We’re all reimagining how we do things, developing new skills, pitching-in, and figuring stuff out. When it comes to market research and data analysis, we can help fast track your survey analysis skills.

In this webinar you will learn

Here’s a little summary of some of the subjects we cover in this webinar

If you’re:

  • Starting out in the consumer insights or market research industry
  • Working in client services but have never done analysis yourself
  • Part of a marketing team that now has to DIY

- then let us show you how to analyze survey data!

Transcript

I'm going to walk you through the basics of how to analyze a survey. We've put this together for complete novices of this topic, so if you've never gone through all the step in analyzing a survey on your own, this webinar is for you.
I will take you through eight stages of analyzing a survey.

Case study

And, we will do it using a case study, where we explore how likely people were to buy this product concept. Please take a moment to read it.

 

Getting the right type of data file

The first stage in analyzing a survey is getting data in the right format. This is the first big mistake that people make when they analyze surveys. They click the export button in their data collection software and get an Excel or CSV file. And they try and analyze this data. But Excel and CSV files weren't invented for survey analysis. Yes, you can use them, but you will double the time it takes to do analysis and you will likely make lots of mistakes.

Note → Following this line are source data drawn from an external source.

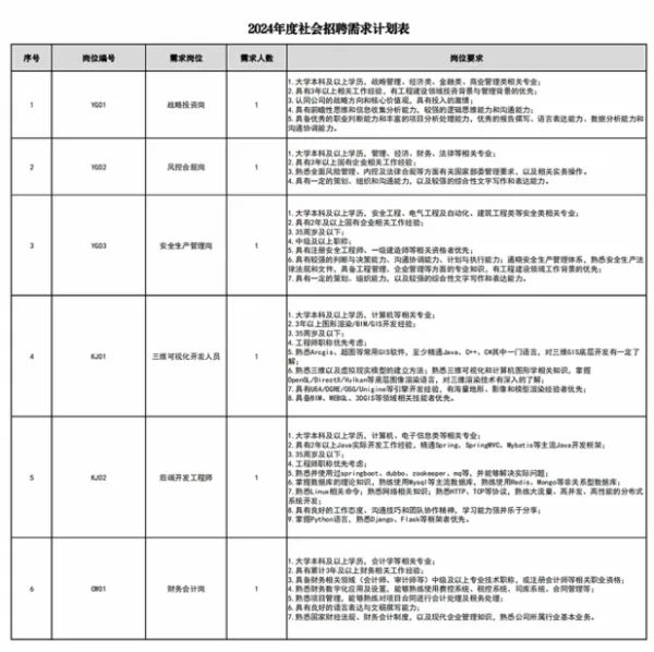 通用技术集团工程设计有限公司(原煤炭工业济南设计研究院有限公司,以下简称“通用设计”)成立于1953年,2007年加入中央直接管理的国有重要骨干企业——中国通用技术集团。公司持有工程咨询、煤炭工程、建筑工程、工程勘察等14项甲级资质,市政、电力、环境工程等23项乙级资质,1项工程监理综合资质,地基基础工程专业承包贰级资质以及压力管道资质等2项其他资质,拥有安全生产许可证。公司可承担工程咨询、工程勘察、测量、工程设计、工程监理、项目管理及工程总承包、设备系统集成、全过程工程咨询等建设项目全寿命周期服务,具备为工程建设和运营提供全方位、全产业链条的资质和能力。近年来,通用设计聚焦勘察设计、绿色产业、全过程工程咨询三大业务板块,坚持以推动高质量发展为主题,坚持以科技创新为引领、以业务发展为导向、以品质服务为基础,坚持以深化改革为动力、以人才战略为支撑、以风险防控为保障,坚持高效率、高效益、高效能,坚持自信、自立、自强,加快向全过程工程咨询综合服务商转型,努力成为国内一流的全过程工程咨询综合服务商。本次公开招聘为社会招聘。具体招聘岗位及资格条件,如下:1.具有中华人民共和国国籍,能认真贯彻执行党的路线方针政策和国家法律法规,具有良好的思想品德和道德素质,遵守社会公德。2.干事创业意愿度强,认同企业文化,爱岗敬业,业绩突出,自觉维护企业核心利益。3.具有履行岗位职责所必需的专业知识、经验和技能,强烈的事业心和工作责任感、进取精神和团队合作精神。4.具有良好的职业操守,品行端正,遵纪守法,诚实守信,公私分明,严守底线,廉洁从业。6.曾受过刑事处罚和曾被开除公职的、有应回避亲属关系的以及法律法规规定不得聘用的其他情形人员不得报名应聘。联系方式:周老师 电话:0531-68931397报名截止后,公司将针对符合招聘岗位需求的简历进行筛选。所有岗位面试采取结构化方式进行,主要考察应聘人员综合素质、业务能力及岗位所需的专业理论知识等。通过初试的人员公司统一进行复试,复试形式包括二轮面试、笔试、人才测评等。通过复试并确定入职意向的人员,公司将开展背景调查工作。3.提供一日三餐、单身公寓;双休,享受国家法定节假日和带薪年休假。1.应聘人员应确保本人提供信息的真实性。凡弄虚作假者,一经查实,即取消录用资格。2.招聘期间,将以短信、邮件或电话等方式通知入围者有关事宜,未入围者不再另行通知。3.公司承诺对应聘人员所提供的个人信息保密,并仅用于招聘工作使用。4.请应聘人员将《报名表》《汇总表》以及相应证明材料,发送至指定邮箱(文件大小须控制在20M以内)。5.具体填报材料要求,请查看附件,不按要求报送材料的,视为不合格材料。附件1:通用技术集团工程设计有限公司-社会招聘报名表.docx附件2:通用技术集团工程设计有限公司2024年社会招聘报名汇总表.xlsx免责声明:文章内容如涉及作品内容、版权和其它问题,请在30日内与本公众号联系,我们将在第一时间删除内容。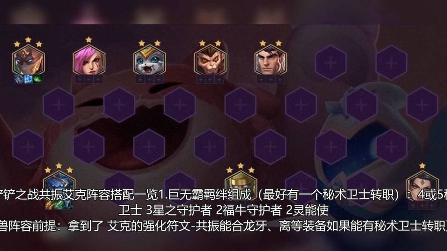 棋子选取上,初期可以用两格斗斯卡纳和塔姆做前排,后排则有赛娜、金克丝和麦林炮手或蕾欧娜、宝石做护卫,若无法获得炮手,可考虑伊泽瑞尔和图奇做迅捷猎手。随着游戏进程,逐渐替换为龙神阵容,提升整体阵容的战斗力。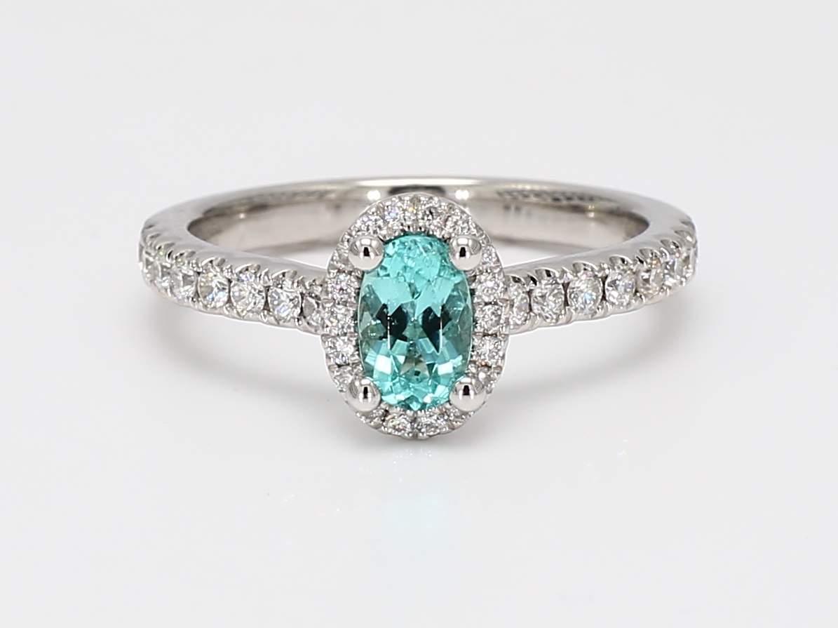 OVAL PARAIBA TOURMALINE GIA 5232462126 & ROUND DIAMOND PLATINUM RING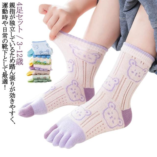 | 4足セット / 3-12歳 親指が独立しているため踏ん張りが効きやすく、運動時や日常の靴下として最適! | |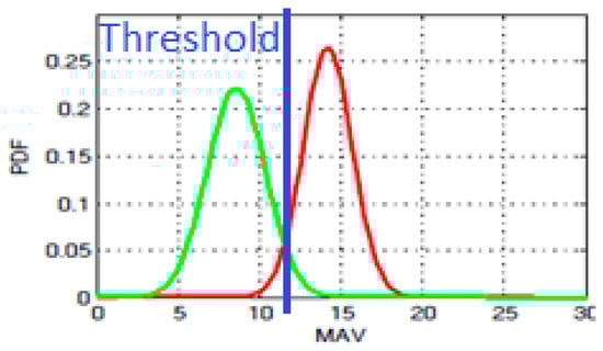 The threshold value is also an important parameter, as it can significantly affect the algorithm’s accuracy. To choose this value, a training phase is needed. The training phase is done off-line on the PC using an acquired dataset, i.e., it is not evaluated during the classification on the microcontroller. Figure 2 shows two Gaussian probability density functions (PDFs) fitted to the measured data along one axis and the corresponding selection of the threshold (‘new blade’ in green, ‘used blade’ in red). It can be noticed the maximum of the green curve is reached at the MAV value of 8 for the new blade and 14 for the old blade, such that the threshold for brass could be chosen optimally at 11 to distinguish between old and new blade. Other thresholds could be used to detect medium use blades, as we will show in Section 6. This process is repeated for all the materials to find the optimal thresholds. After the training period, the classification thresholds can be fixed in the run-time algorithm performed on the microcontroller. The run-time classification on the node is done with a simple decision tree with 1 level (the MAV value) and 3 leaves/classes (new/medium/old) according to 2 thresholds decided in the training phase.

There are three great data file formats specifically designed for surveys:

  • The most well-known was invented many years ago by a division of IBM called SPSS. This file format is the industry standard and used by just about all survey analysis software.
  • These files are called SPSS data files or .sav files.
  • Two even better file formats are MDD and Triple S. They're a bit harder to get.
  • And, if you are using Displayr, you can do even better and import your data straight from SurveyMonkey and Qualtrics into Displayr.

 

What marginally OK data looks like

But, let's say you just can't get one of these better data files, and need to use Excel or CSV files. You then often need to spend a bit of time tidying it up before you import it.

You need

  1. Row 1 to show what the data means
  2. You want a unique ID for each respondent
  3. Each respondent's data should be in one and only 1 row
  4. Where you can, store the data numerically.
  5. If you have multi-pick questions, you want them set up with 1s and 0s, like shown here.

 

What terrible data looks like

Terrible data is data that looks different to what I just described. If you try and import data like what's on the screen now, you will end up with lots of problems.

 

What impossible-to-analyze data looks like

And, if your data is already tabulated, you're basically stuffed, and you will just get error messages if you try and import tables like this.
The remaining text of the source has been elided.